Juice Helps Relieve Constipation
One of the safest remedies to use for infant constipation is pure 100% pasteurized juice. The most effective type of juice to use for constipation seems to be prune juice but apple juice works as well. Remember that you should never give an answer it who is less than one year old juice that is full strength. In fact, for babies who are younger than three months old, you will only want to use about a tablespoon of juice diluted with 4 ounces of water. If the baby is older than three months, you may safely use 1 ounce of juice to 3 ounces of water. For babies six months to 12 months 50% water to 50% juice. Most of the time juice will take care of the problem just fine but there are going to be occasions in which more aggressive treatment will be needed. As with anything else, use juice and moderation and never under any circumstances give your baby more than 3 to 4 ounces of juice in a 24-hour period. It is also important to make sure that your baby is getting enough clear liquid in his or her diet. Babies should be given at least 4 ounces of purified water daily, up to the age of six months and then up to 8 ounces a day until the age of 12 months.
Try Massaging Your Baby
Another trick that works wonders in relieving infant constipation is gently massaging your baby’s abdomen. Using the very tips of your fingers, lightly rub his or her belly in a circular motion, adding a little more pressure on his or her right side. If you notice that your baby’s abdomen is nice and soft then this is a very good sign. However, if you notice that his or her abdomen seems to be swollen and hard then this is a clear indication of constipation. In addition to the massage you may also exercise your baby’s legs by gently grabbing his or her ankles and rotating them back and forth as if he or she were riding a bicycle. Not only will most babies find this entertaining but it is also a very effective way to help loosen the bowels within the intestines. You may also try gently wiping around the baby’s anus when changing his or her diaper as this is also considered an effective method of stimulating a bowel movement.
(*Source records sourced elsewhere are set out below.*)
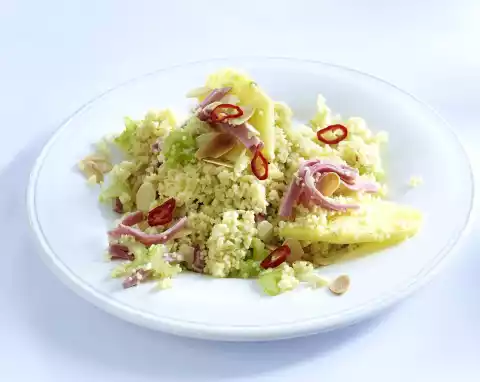 Peel and halve the pineapple, cut out the woody stalk and cut the fruit into thin slices. Wash and clean the chilli and cut into fine rings. Add almonds, pineapple and ham to the couscous and arrange on plates.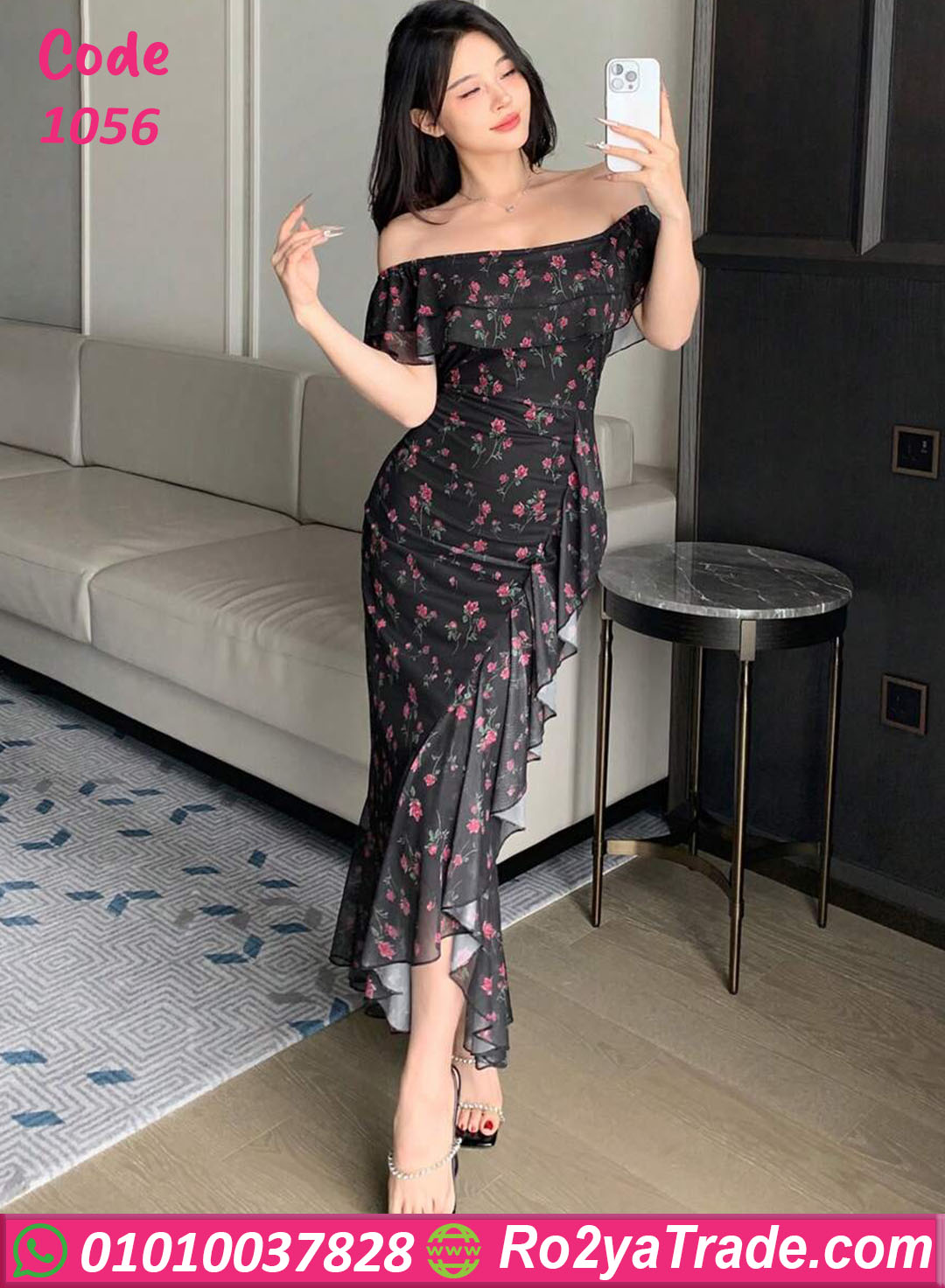فستان صيفي طويل أوف شولدر بخامة مريحة وطباعة ورد أنيقة تديكي إطلالة أنثوية رقيقة ومختلفة. قصة جسم ناعمة مع كرانيش جانبية تضيف لمسة شياكة مناسبة للبيت والخروج والسهرات البسيطة. مناسب لأغلب الأوزان بفضل خامته المرنة. كود 1056.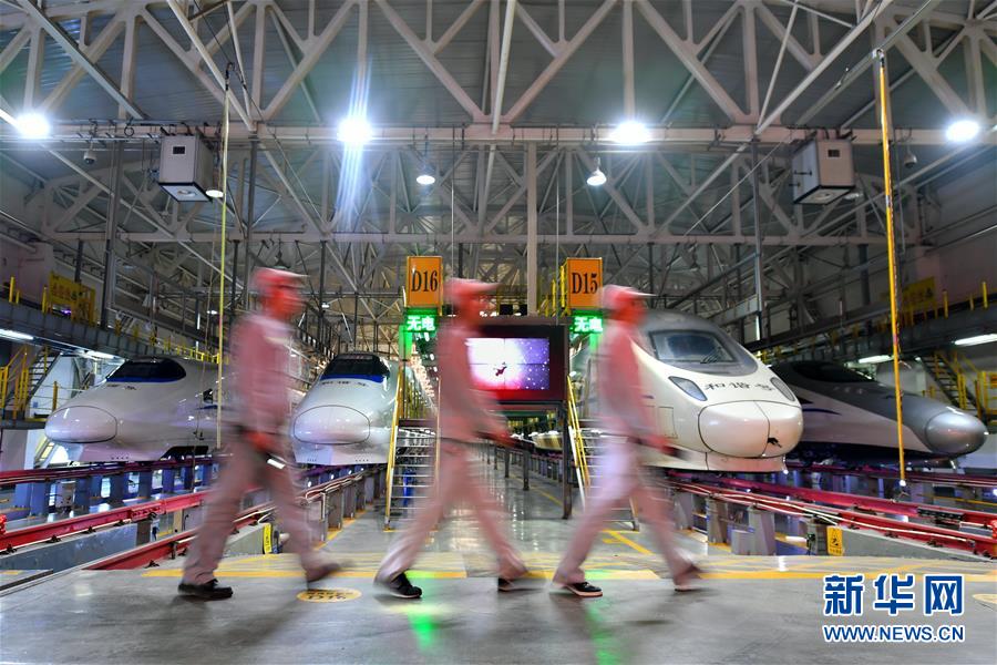 1月24日,检修工作人员走在太原车辆段动车所内。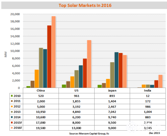 Mercom Capital表示,2015年,全球太陽能光伏安裝量約為57.8吉瓦,預(yù)計到2016年底,這一數(shù)據(jù)將增至64.7吉瓦,其中,中國領(lǐng)跑全球太陽能光伏安裝容量,約19.5吉瓦。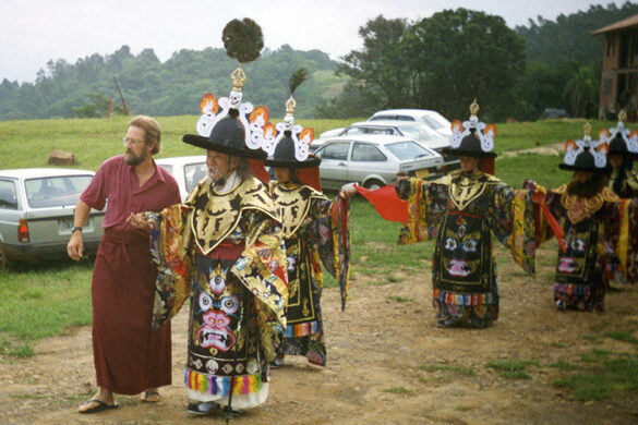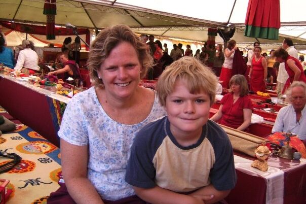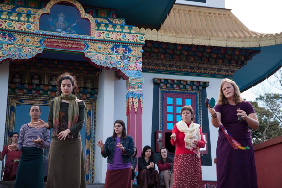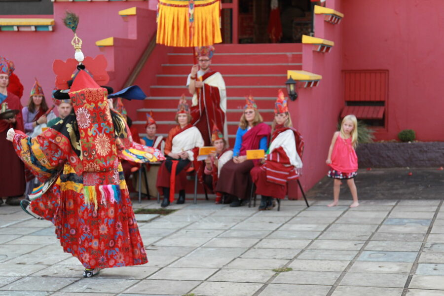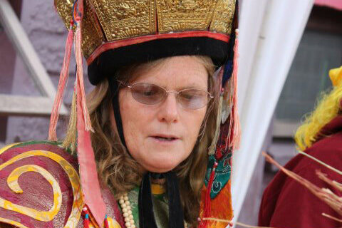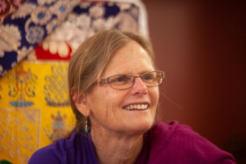 Lama Trinley, who with her husband Lama Dorje, was the resident lama of Dechen Ling in Cottage Grove, Oregon, died on Sunday evening, October 25th. She died at home from cancer, which she had managed for many years with courage, humor, insight, and wisdom. Her sons Sam and Ian have been at home with her since the beginning of the pandemic and their presence was a source of special happiness. Lama Trinley was treasured as a wonderful retreat companion and excellent writer. She and Lama Dorje upheld Chagdud Gonpa’s lama dancing tradition, giving instructions both in North and South America for many years. In her years of parenting two sons, guiding Dharma practitioners and undergoing extensive medical treatments, her devotion to Chagdud Rinpoche and his lineage transmissions were uninterrupted. When any free moment arose, she made formal meditation her priority, and although she spoke quietly and not very much, her words conveyed the profound equanimity of a realization holder. Her radiance shines through the sorrow of this moment.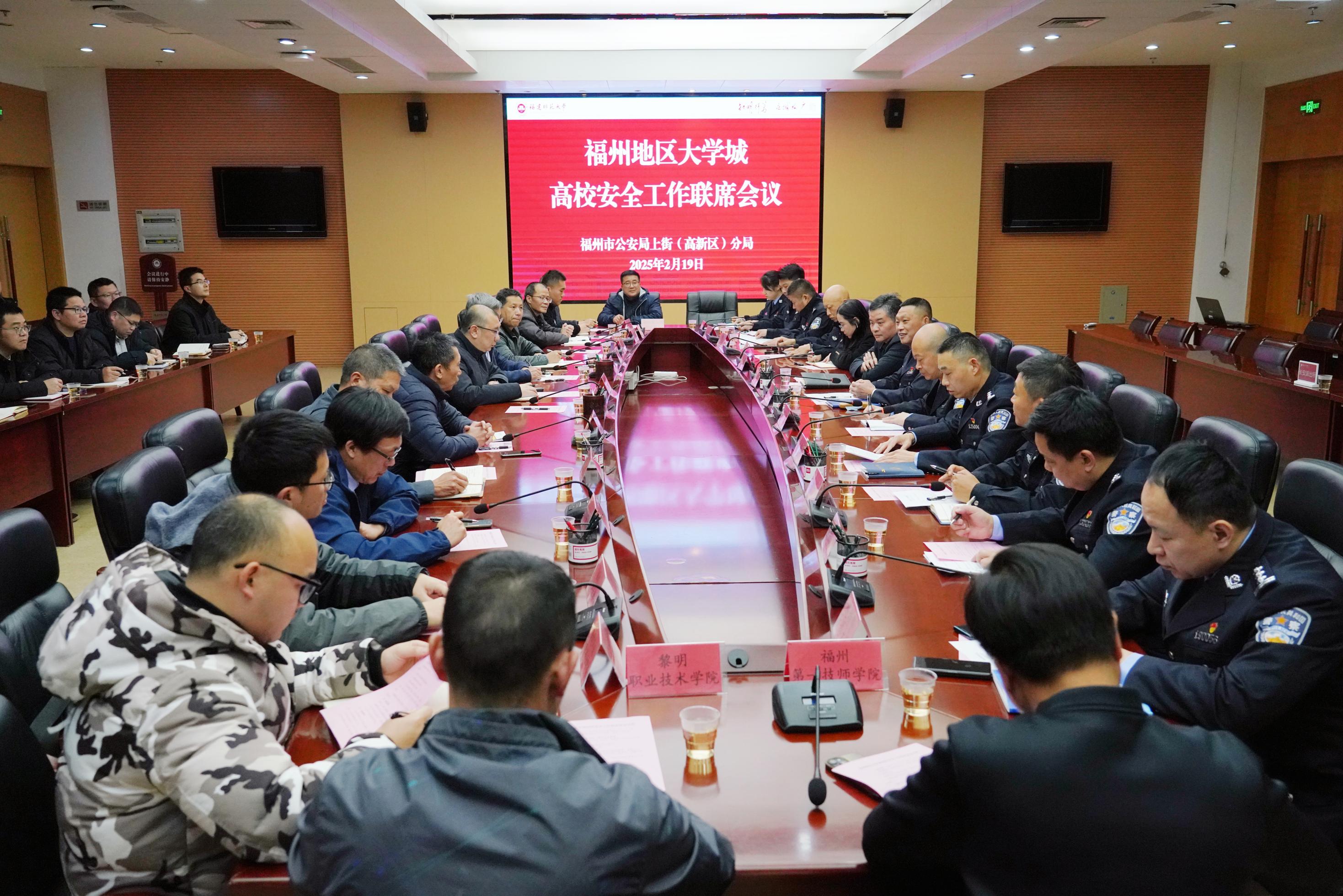 会议于2月19日在旗山校区召开。福州高新区管委会副主任、福州市公安局上街(高新区)分局局长余根钦,市公安局相关部门负责人,市公安局上街(高新区)分局治安、刑侦、国保、巡特反恐、网安大队及辖区各派出所负责人,上街(高新区)交警大队负责人,大学城各高校保卫部门负责人以及大城办综合协调处负责人参加联席会议。彩神xl(中国)有限公司副校长吴剑锋,学生工作部负责人和有关二级学院党委副书记应邀出席。会议由福州市公安局上街(高新区)分局副局长郑德宁主持。

As your baby grows older you will be adding new foods to his or her diet. When a baby first begins eating solid foods constipation could occur. This is because your baby’s intestines are brand-new and not used to breaking down solid food. If your baby should become constipated after solid foods have been introduced then eliminating some foods and adding others, such as fresh fruits can help to remedy the problem. Ultimately, when dealing with infant constipation that lasts longer than a period of 24 hours medical attention should be sought. Constipation is not just uncomfortable but it could also become quite dangerous if left untreated. Remember the golden rule; when in doubt call the pediatrician.